What is needed is an exact repetition of the lines below, from the first one through the one holding "Separate Einbauküche mit", with no pictures and nothing else.

• [EXERCISE DATA]

--

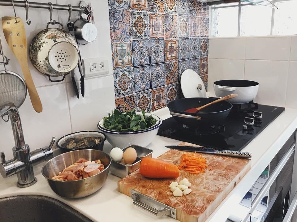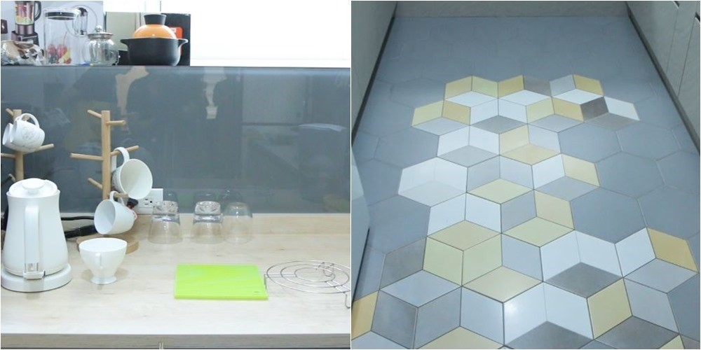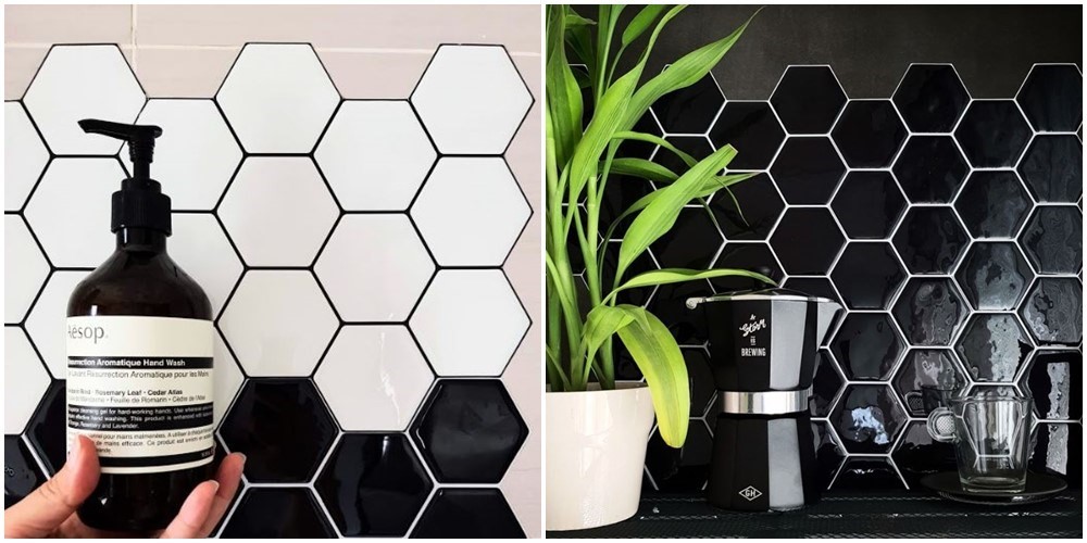 1. 喜歡一致氣氛的你,可延續廚房內地坪的六角磚設計,選用六角磚花磚拼貼,讓幾何造型延伸至牆面。
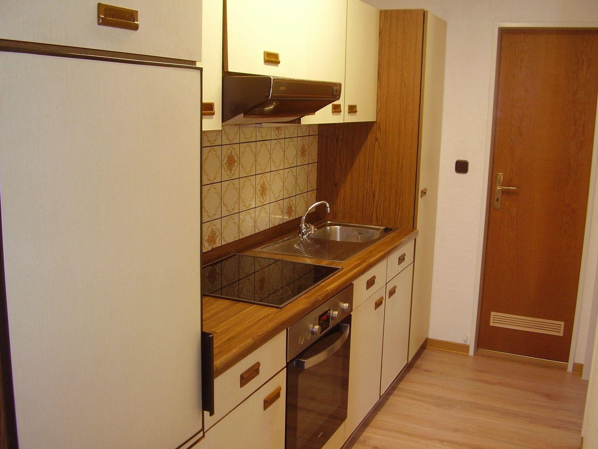 Separate Einbauküche mit 4-Plattenherd mit Ceranfeld und Backofen, Kühlschrank mit Gefrierfach, ausreichend Töpfen, Pfannen, Bestecke und Geschirr, etc..
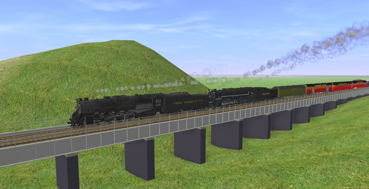 Tags: Trainz: A New Era, Thomas Canyon Railroad, Default, Pere Marquette 1225 Berkshire, NKP 765 with black drivers, Pere Marquette 1225 Tender, NKP 765 Tender, Express C&O George Washington, Passenger Baggage Southern Pacific, Passenger Coach Southern Pacific, Passenger Dome Southern Pacific, Oregon Shortline RR Coach, Oregon Shortline RR Dining, Oregon Shortline RR Observation

--

• [TASK ANSWER]
 1. 喜歡一致氣氛的你,可延續廚房內地坪的六角磚設計,選用六角磚花磚拼貼,讓幾何造型延伸至牆面。
 Separate Einbauküche mit 4-Plattenherd mit Ceranfeld und Backofen, Kühlschrank mit Gefrierfach, ausreichend Töpfen, Pfannen, Bestecke und Geschirr, etc..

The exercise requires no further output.